To supporters of the agency — and there are some — years of such attacks have yielded exactly what Republicans seemed to want: a depleted, defanged tax collector.

“I’m appalled, that’s all I can say,” said Lawrence B. Gibbs, a tax lawyer at Miller & Chevalier who joined the I.R.S. during the Nixon administration and was President Ronald Reagan’s choice for commissioner in 1986. “It’s fine to demonize the I.R.S. It has always been a target. Listen, that goes with the job.”

But, he added, given the nation’s challenges, “the one thing people ought to agree on is that we should have a revenue system that works and works well.”

“And if we’re going to create a disrespect for our tax revenue system,” he continued, “I look at it and say I just don’t think it’s in our country’s best interest.”

House Republicans even gave this week a name, “I.R.S. Week,” though the lines of attack began last week, and were many. In debate, multiple hearings (the I.R.S. commissioner, John Koskinen, testified four times over eight days), news conferences and commentary in the news media, the agency even got the blame for the hated tax code, which Congress writes and Republicans have promised for five years to rewrite and simplify.

“Right now, we have a tax code that no one can understand being enforced by an agency that no one trusts,” said Speaker Paul D. Ryan, Republican of Wisconsin, who was the chairman of the tax-writing Ways and Means Committee before taking the House’s top job last fall.

As certain as death and taxes, tax season political attacks on the I.R.S. go back decades.

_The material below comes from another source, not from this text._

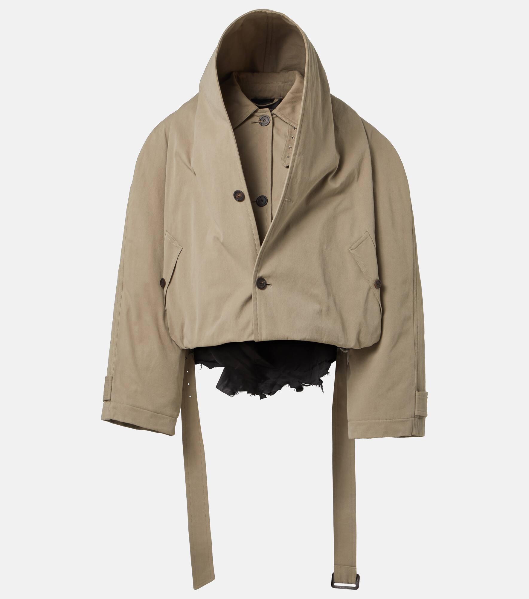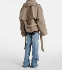 Leave it to Balenciaga to take a classic style like the trench coat and turn it upside down. Made from durable cotton, this design boasts a flipped construction that creates a voluminous, hooded silhouette with frayed detailing. Product Details - Material: 100% cotton - Care instructions: dry clean - Made in Italy - Designer color name: Dark Beige - Item color: beige - Closure: buttoned front - Hood - Pockets: buttoned pockets - Detachable belt - Lining: 73% polyester, 27% silk - Lining II: 100% cupro - Pocket lining: 100% cotton - Filling: 100% polyester - Item number: P01033728 Size & Fit - Fits large to size - we recommend trying two sizes smaller - Dropped shoulders - Adjustable at the waist - Oversized - Thick material - Non-stretchy fabric - Falls to the hip - The model seen in the picture is 178cm-5'10" and wearing a size FR 34

But in recent years, the intensity has grown and the agency’s funding in turn shrank more than any other time in memory. The campaign gained strength in 2013, when Republicans seized on management failures to allege that I.R.S. employees had singled out conservative groups for greater scrutiny and delays in reviewing their applications for tax-exempt status as “social welfare” organizations, though liberal-leaning groups were examined as well, investigations showed.

The assaults and especially the funding cuts have reached a point that the agency’s defenders are speaking out.

https://taxprof.typepad.com/taxprof_blog/2016/04/the-irs-scandal-day-1079.html

IRS News, IRS Scandal, Tax | Permalink

Comments

Dumbest thing in the world when we need money and cheaters are running rampant. No one in corporate america would cut their accounts receivable department. Why should the government?

Posted by: Sid | Apr 22, 2016 6:52:41 PM

A) The actions of the IRS brought well deserved disrespect.
B) Bonuses are not entitlements.

Posted by: Wodun | Apr 22, 2016 5:34:01 PM

If the IRS had not accommodated every Administration request to bend the law past the breaking point on Obamacare and on illegal aliens these complaints would be persuasive. But the IRS cannot take partisan actions without suffering partisan reaction.

Posted by: AMT buff | Apr 22, 2016 11:09:25 AM

The only 'management failure' was a certain manager's failure to testify for fear of criminal prosecution.

Posted by: OTOH | Apr 22, 2016 10:24:19 AM

"... in 2013, when Republicans seized on management failures to allege that I.R.S. employees had singled out conservative groups for greater scrutiny ..."

There is nothing alleged about it. The IRS admitted to it and apologized.